*Material provided:*
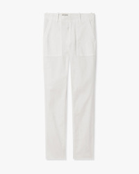 Flat front low waist slim angle length pant. Raw hem. Patch front pockets. Flap back pockets. Made in USA SIZE & FIT Model is 5'11 and wears a size 4. Waist allows for more stretch while calf and thigh are designed for a slim fit. For exact measurements by size, view our size guide. COMPOSITION & CARE 98% COTTON, 2% ELASTANE DO NOT BLEACH MACHINE WASH COLD TUMBLE DRY LOW LOW IRON
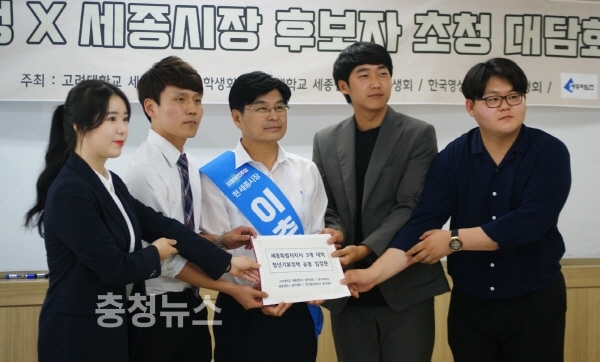 세종시 3개 대학 고려대,홍익대,한국영상대 학생대표는 7일 이춘희 세종시장 후보 초청 대담회를 개최했다.
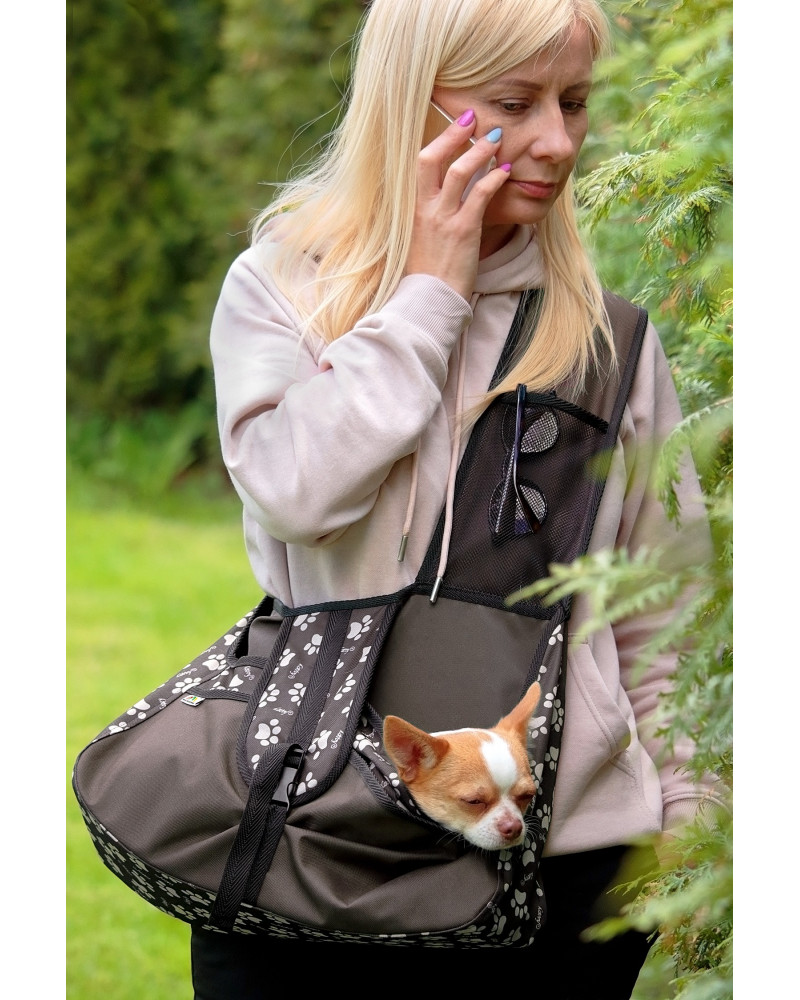 Nośność torby do 8 kg. Z mini smyczą wewnątrz torby oraz z zapinaną klapą z regulacją dla zabezpieczenia psa przed wyskoczeniem. Wygodna i praktyczna torba do komfortowego przenoszenia małych psów. Zapewnia komfort przenoszonemu psu jak i jego opiekunowi. Zapewnia psu bezpieczną przestrzeń z solidną podstawą wewnątrz torby, a opiekunowi przez zastosowanie ergonomicznej konstrukcji z szerokim i regulowanym ramieniem umożliwia bezuciskowe przenoszenie psa nawet podczas długich spacerów.

*Work task:*
Begin with the line that contains "세종시 3개 대학 고려대,홍익대,한국영상대" and repeat every line through the end of the data, exactly and only those lines, leaving out the pictures.

*Result below:*
 세종시 3개 대학 고려대,홍익대,한국영상대 학생대표는 7일 이춘희 세종시장 후보 초청 대담회를 개최했다.
 Nośność torby do 8 kg. Z mini smyczą wewnątrz torby oraz z zapinaną klapą z regulacją dla zabezpieczenia psa przed wyskoczeniem. Wygodna i praktyczna torba do komfortowego przenoszenia małych psów. Zapewnia komfort przenoszonemu psu jak i jego opiekunowi. Zapewnia psu bezpieczną przestrzeń z solidną podstawą wewnątrz torby, a opiekunowi przez zastosowanie ergonomicznej konstrukcji z szerokim i regulowanym ramieniem umożliwia bezuciskowe przenoszenie psa nawet podczas długich spacerów.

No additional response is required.